● WHAT NEEDS TO BE DONE: Lines from the line with "Blue Orange Mens" to the line with "根据2013年的人口样本抽查" in the entries below, and only those, must be output exactly, with both ends included.

● DATA EXTRACT:
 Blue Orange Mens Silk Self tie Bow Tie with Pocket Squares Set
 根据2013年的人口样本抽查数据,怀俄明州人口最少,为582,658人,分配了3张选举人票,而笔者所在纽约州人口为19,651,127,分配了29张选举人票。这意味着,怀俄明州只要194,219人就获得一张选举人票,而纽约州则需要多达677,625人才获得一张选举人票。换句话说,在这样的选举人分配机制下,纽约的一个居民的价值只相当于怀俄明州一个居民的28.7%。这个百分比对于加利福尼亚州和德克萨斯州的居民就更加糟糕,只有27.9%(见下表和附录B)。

* * *

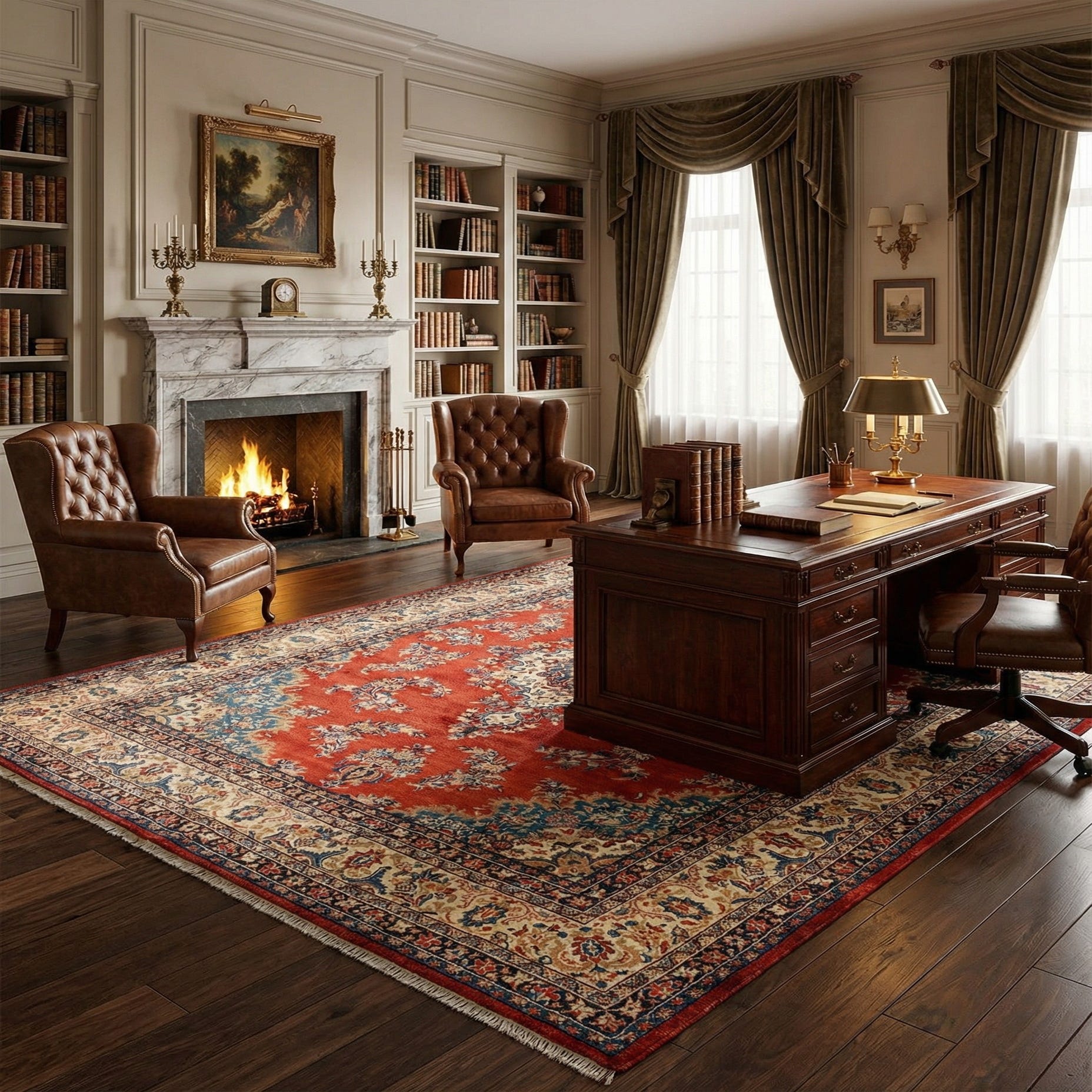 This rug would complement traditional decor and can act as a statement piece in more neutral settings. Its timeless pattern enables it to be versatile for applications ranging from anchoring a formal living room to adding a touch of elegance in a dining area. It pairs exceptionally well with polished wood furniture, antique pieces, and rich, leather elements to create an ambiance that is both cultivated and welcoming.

● RESULT FOR THIS TASK:
 Blue Orange Mens Silk Self tie Bow Tie with Pocket Squares Set
 根据2013年的人口样本抽查数据,怀俄明州人口最少,为582,658人,分配了3张选举人票,而笔者所在纽约州人口为19,651,127,分配了29张选举人票。这意味着,怀俄明州只要194,219人就获得一张选举人票,而纽约州则需要多达677,625人才获得一张选举人票。换句话说,在这样的选举人分配机制下,纽约的一个居民的价值只相当于怀俄明州一个居民的28.7%。这个百分比对于加利福尼亚州和德克萨斯州的居民就更加糟糕,只有27.9%(见下表和附录B)。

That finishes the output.